**Task brief:** Retype nothing except the lines below from the one with "近日,在神木市人民政府公布《" through the one with "Detayları; Çift kişilik", exactly, with images left out.

**Recorded information:**
---------------

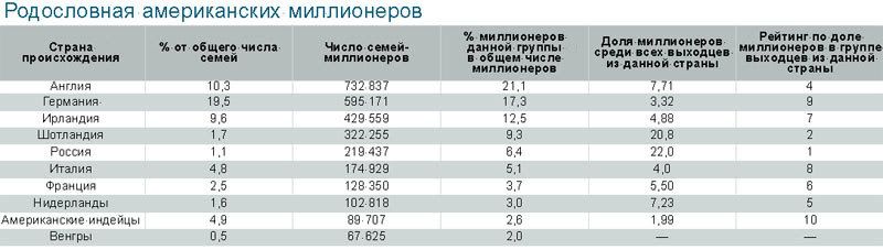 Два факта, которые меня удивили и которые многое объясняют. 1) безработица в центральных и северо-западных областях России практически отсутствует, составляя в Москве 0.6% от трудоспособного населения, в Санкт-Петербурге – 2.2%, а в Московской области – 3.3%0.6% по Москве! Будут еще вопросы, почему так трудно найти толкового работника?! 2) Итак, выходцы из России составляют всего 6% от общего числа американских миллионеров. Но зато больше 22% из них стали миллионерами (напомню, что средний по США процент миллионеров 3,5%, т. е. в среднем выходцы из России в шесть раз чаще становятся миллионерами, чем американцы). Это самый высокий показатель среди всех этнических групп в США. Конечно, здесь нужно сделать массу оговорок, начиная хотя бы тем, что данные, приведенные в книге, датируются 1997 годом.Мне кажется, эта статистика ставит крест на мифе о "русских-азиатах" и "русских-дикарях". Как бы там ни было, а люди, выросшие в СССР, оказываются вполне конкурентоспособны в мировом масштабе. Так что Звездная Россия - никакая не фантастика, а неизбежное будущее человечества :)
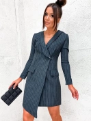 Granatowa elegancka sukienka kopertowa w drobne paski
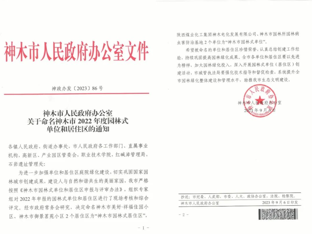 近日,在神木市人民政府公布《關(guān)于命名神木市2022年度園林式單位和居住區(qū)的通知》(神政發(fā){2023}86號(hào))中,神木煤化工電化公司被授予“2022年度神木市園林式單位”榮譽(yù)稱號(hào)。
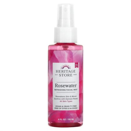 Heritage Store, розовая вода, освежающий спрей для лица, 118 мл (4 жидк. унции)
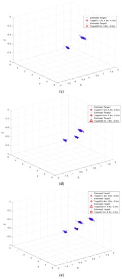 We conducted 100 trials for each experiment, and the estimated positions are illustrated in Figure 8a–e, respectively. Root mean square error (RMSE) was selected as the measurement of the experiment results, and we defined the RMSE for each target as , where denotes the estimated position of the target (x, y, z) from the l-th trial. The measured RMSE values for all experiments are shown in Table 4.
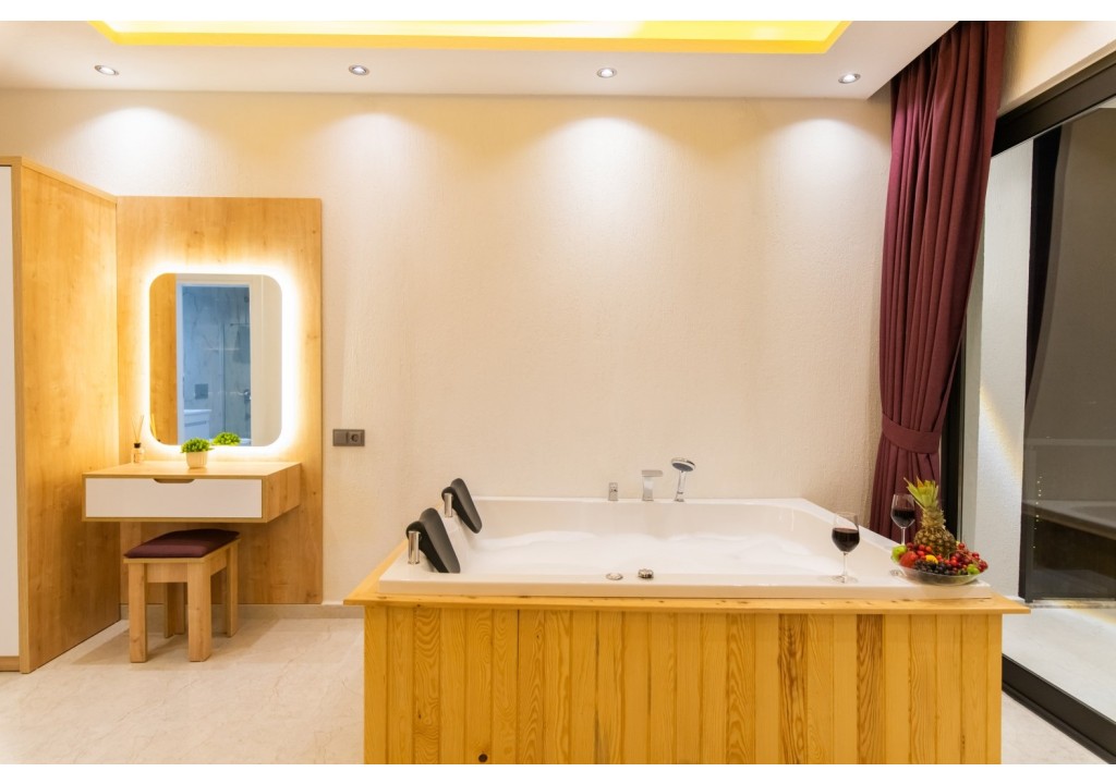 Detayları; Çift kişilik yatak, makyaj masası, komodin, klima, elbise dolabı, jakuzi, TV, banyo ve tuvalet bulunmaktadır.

---------------

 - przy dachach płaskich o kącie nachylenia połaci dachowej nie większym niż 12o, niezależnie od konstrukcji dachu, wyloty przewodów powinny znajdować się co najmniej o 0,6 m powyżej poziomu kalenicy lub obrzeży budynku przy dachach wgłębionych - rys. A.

---------------

**Answer for the task:**
 近日,在神木市人民政府公布《關(guān)于命名神木市2022年度園林式單位和居住區(qū)的通知》(神政發(fā){2023}86號(hào))中,神木煤化工電化公司被授予“2022年度神木市園林式單位”榮譽(yù)稱號(hào)。
 Heritage Store, розовая вода, освежающий спрей для лица, 118 мл (4 жидк. унции)
 We conducted 100 trials for each experiment, and the estimated positions are illustrated in Figure 8a–e, respectively. Root mean square error (RMSE) was selected as the measurement of the experiment results, and we defined the RMSE for each target as , where denotes the estimated position of the target (x, y, z) from the l-th trial. The measured RMSE values for all experiments are shown in Table 4.
 Detayları; Çift kişilik yatak, makyaj masası, komodin, klima, elbise dolabı, jakuzi, TV, banyo ve tuvalet bulunmaktadır.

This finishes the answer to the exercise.